The following two queries result in different query plans and different
results, even though there is only a dummy condition change between them.
The
latter results are correct, there are two rows that match the conditions.

The following was run both in AWS RDS and after restoring database from
plain
SQL dump to local Macos system.

First query.

EXPLAIN (ANALYZE, SETTINGS, VERBOSE )
SELECT id, market_id
FROM "order"
WHERE "order"."deleted_at" IS NULL AND
"order"."archived_at" IS NULL AND
NOT EXISTS (SELECT
FROM "matchmaking_request"
WHERE ("matchmaking_request"."order_id" = "order"."id"
AND
"matchmaking_request"."started_at" IS NOT NULL
AND
"matchmaking_request"."cancelled_at" IS NULL))
AND
"order"."market_id" IN (1);

QUERY PLAN
Merge Right Anti Join (cost=415.85..527.39 rows=350 width=8) (actual
time=6.015..6.018 rows=1 loops=1)
Output: "order".id, "order".market_id
Inner Unique: true
Merge Cond: (matchmaking_request.order_id = "order".id)
-> Index Scan using matchmaking_request_order_id_idx on
public.matchmaking_request (cost=0.28..834.07 rows=5840 width=4) (actual
time=0.032..2.089 rows=702 loops=1)
Output: <retracted>
Filter: ((matchmaking_request.started_at IS NOT NULL) AND
(matchmaking_request.cancelled_at IS NULL))
Rows Removed by Filter: 301
-> Sort (cost=415.56..416.82 rows=503 width=8) (actual time=3.695..3.730
rows=493 loops=1)
Output: "order".id, "order".market_id
Sort Key: "order".id
Sort Method: quicksort Memory: 40kB
-> Index Scan using order_market_id_idx on public."order"
(cost=0.28..392.99 rows=503 width=8) (actual time=0.035..3.555 rows=493
loops=1)
Output: "order".id, "order".market_id
Index Cond: ("order".market_id = 1)
Filter: (("order".deleted_at IS NULL) AND ("order".archived_at
IS NULL))
Rows Removed by Filter: 871
Settings: random_page_cost = '1'
Planning Time: 0.643 ms
Execution Time: 6.301 ms

Second query. Note the dummy condition at the end.

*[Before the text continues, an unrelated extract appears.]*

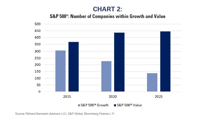 The extended period of narrow leadership has skewed the number of companies within the S&P 500® Growth and Value Indices. Chart 2 highlights that in 2015 roughly 300 S&P 500® companies were in the Growth Index (Note: companies can be in both indices so the combination of the Growth and Value indices will not sum to 500). By 2020, the number of growth companies had fallen to roughly 225. The narrow leadership of the past several years has led to under 140 companies in the current growth index.

EXPLAIN (ANALYZE, SETTINGS, VERBOSE )
SELECT id, market_id
FROM "order"
WHERE "order"."deleted_at" IS NULL AND
"order"."archived_at" IS NULL AND
NOT EXISTS (SELECT
FROM "matchmaking_request"
WHERE ("matchmaking_request"."order_id" = "order"."id"
AND
"matchmaking_request"."started_at" IS NOT NULL
AND
"matchmaking_request"."cancelled_at" IS NULL))
AND
"order"."market_id" IN (1, 1); -- dummy condition

QUERY PLAN
Merge Anti Join (cost=0.56..579.56 rows=503 width=8) (actual
time=6.622..6.773 rows=2 loops=1)
Output: "order".id, "order".market_id
Merge Cond: ("order".id = matchmaking_request.order_id)
-> Index Scan using order_pkey on public."order" (cost=0.28..467.77
rows=723 width=8) (actual time=0.078..4.435 rows=493 loops=1)
Output: <retracted>
Filter: (("order".deleted_at IS NULL) AND ("order".archived_at IS
NULL) AND ("order".market_id = ANY ('{1,1}'::integer[])))
Rows Removed by Filter: 1935
-> Index Scan using matchmaking_request_order_id_idx on
public.matchmaking_request (cost=0.28..834.07 rows=5840 width=4) (actual
time=0.017..1.996 rows=702 loops=1)
Output: <retracted>
Filter: ((matchmaking_request.started_at IS NOT NULL) AND
(matchmaking_request.cancelled_at IS NULL))
Rows Removed by Filter: 301
Settings: random_page_cost = '1'
Planning Time: 0.629 ms
Execution Time: 6.853 ms

#2Richard Guo
guofenglinux@gmail.com
In reply to: PG Bug reporting form (#1)
Re: BUG #18522: Wrong results with Merge Right Anti Join, inconsistent with Merge Anti Join

On Tue, Jun 25, 2024 at 2:37 AM PG Bug reporting form
<noreply@postgresql.org> wrote:

The following two queries result in different query plans and different
results, even though there is only a dummy condition change between them.
The
latter results are correct, there are two rows that match the conditions.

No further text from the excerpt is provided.